- **Exercise objective**
The answer is an exact repeat of the entries below, with the pictures omitted.

● ● ● ● ●

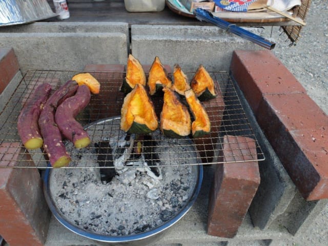 鍋に石と芋入れてストーブで焼くのおおおお。
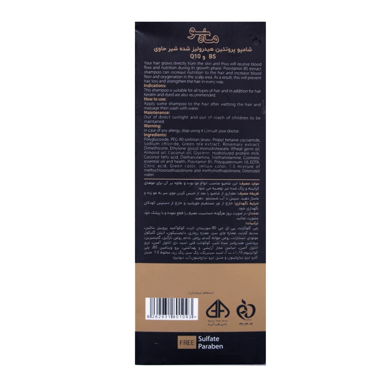 شامپو حرفهای ماه سو Mahsoo مدل After Keratin با فرمول ملایم و بدون سولفات، برای مراقبت پس از کراتین طراحی شده است. این شامپو ضمن پاکسازی موثر مو و پوست سر، با حفظ تعادل رطوبتی، از خشکی، وز و آسیب تارهای مو جلوگیری میکند. استفاده منظم آن باعث افزایش ماندگاری کراتین، درخشندگی و نرمی میشود و به سلامت کلی مو کمک میکند. مناسب موهای رنگشده، آسیبدیده و پس از خدمات کراتینه است و میتواند نتیجه کراتین را طولانیتر نگه دارد.
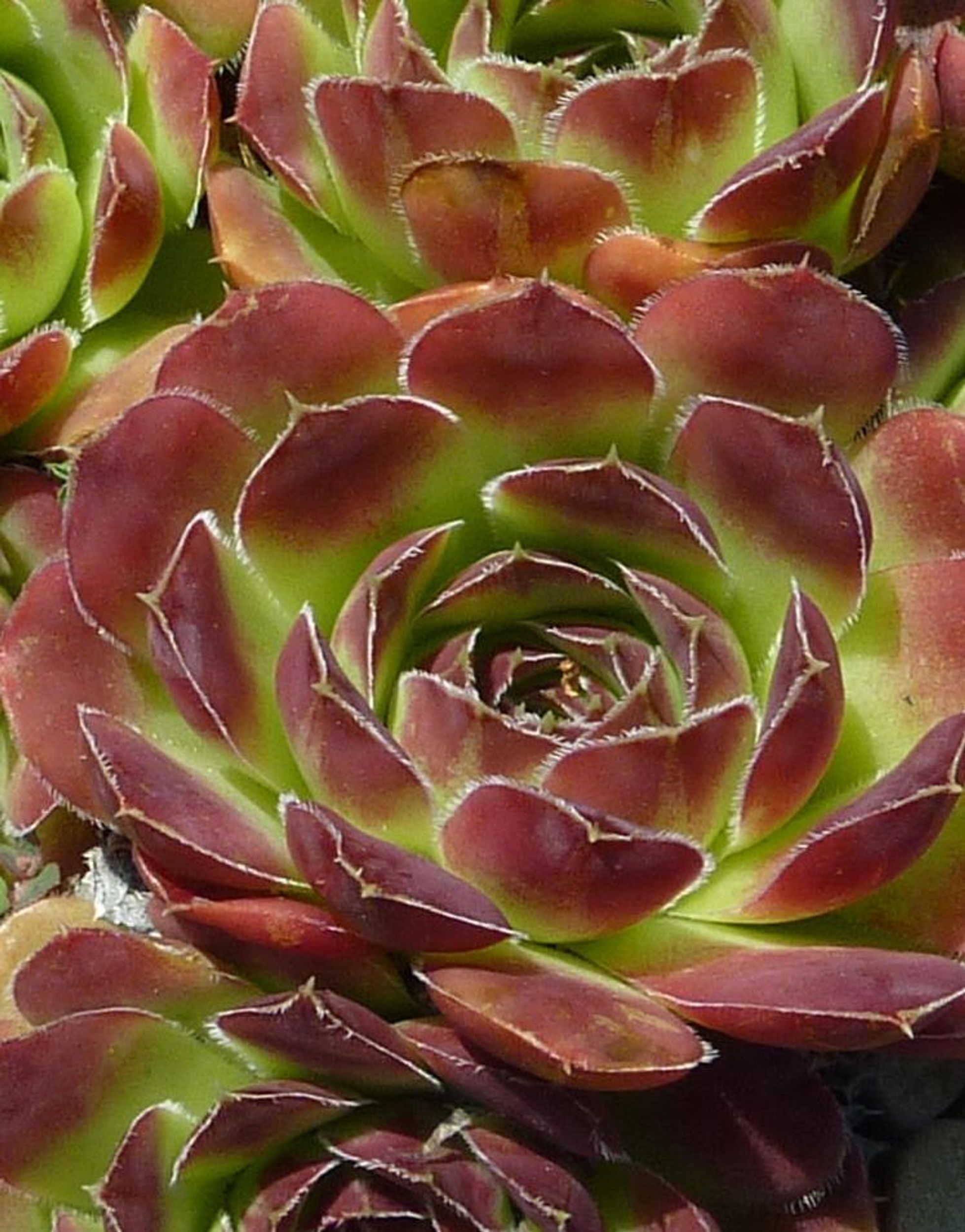 Sempervivum tectorum bildet ca 10-12 cm große Rosetten, grün mit roten Spitzen.
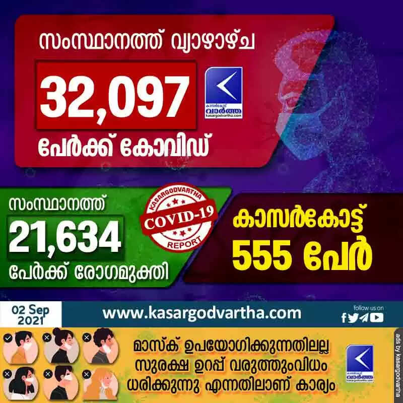 സംസ്ഥാനത്ത് വ്യഴാഴ്ച 32,097 പേര്‍ക്ക് കോവിഡ്-19 സ്ഥിരീകരിച്ചു.കാസര്‍ഗോഡ് 555 പേര്‍.
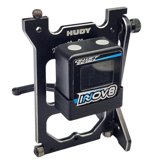 キャスタープレートはハブに取り付け、マイクロデジタル角度ゲージは正確に直接クリップで固定されます。これにより、複数のキャスタープレートを使用する場合でも、他のコーナーへ簡単に移動可能です。また、キャンバーやトーのチェックなど、ゲージを他の用途に自由に使えるようになります。
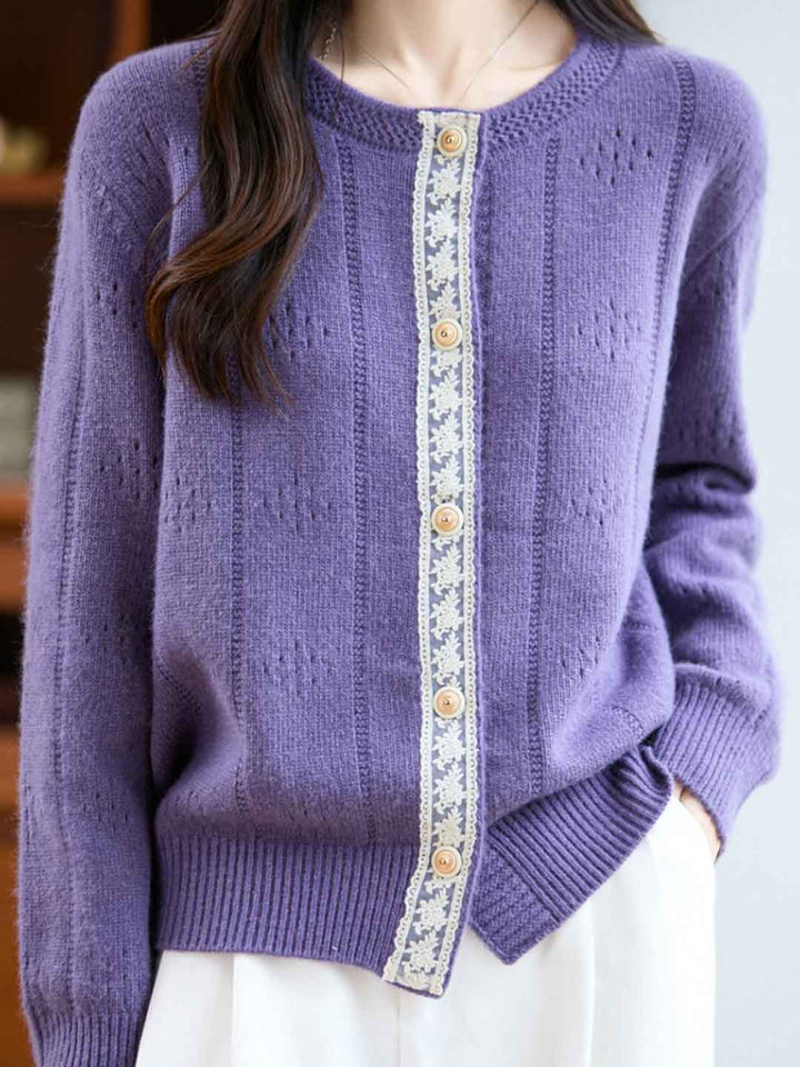 Julia Loose Crew Neck Solid Color Lace Knitted Cardigan-Orange

● ● ● ● ●

- **Answer to this problem**
 鍋に石と芋入れてストーブで焼くのおおおお。
 شامپو حرفهای ماه سو Mahsoo مدل After Keratin با فرمول ملایم و بدون سولفات، برای مراقبت پس از کراتین طراحی شده است. این شامپو ضمن پاکسازی موثر مو و پوست سر، با حفظ تعادل رطوبتی، از خشکی، وز و آسیب تارهای مو جلوگیری میکند. استفاده منظم آن باعث افزایش ماندگاری کراتین، درخشندگی و نرمی میشود و به سلامت کلی مو کمک میکند. مناسب موهای رنگشده، آسیبدیده و پس از خدمات کراتینه است و میتواند نتیجه کراتین را طولانیتر نگه دارد.
 Sempervivum tectorum bildet ca 10-12 cm große Rosetten, grün mit roten Spitzen.
 സംസ്ഥാനത്ത് വ്യഴാഴ്ച 32,097 പേര്‍ക്ക് കോവിഡ്-19 സ്ഥിരീകരിച്ചു.കാസര്‍ഗോഡ് 555 പേര്‍.
 キャスタープレートはハブに取り付け、マイクロデジタル角度ゲージは正確に直接クリップで固定されます。これにより、複数のキャスタープレートを使用する場合でも、他のコーナーへ簡単に移動可能です。また、キャンバーやトーのチェックなど、ゲージを他の用途に自由に使えるようになります。
 Julia Loose Crew Neck Solid Color Lace Knitted Cardigan-Orange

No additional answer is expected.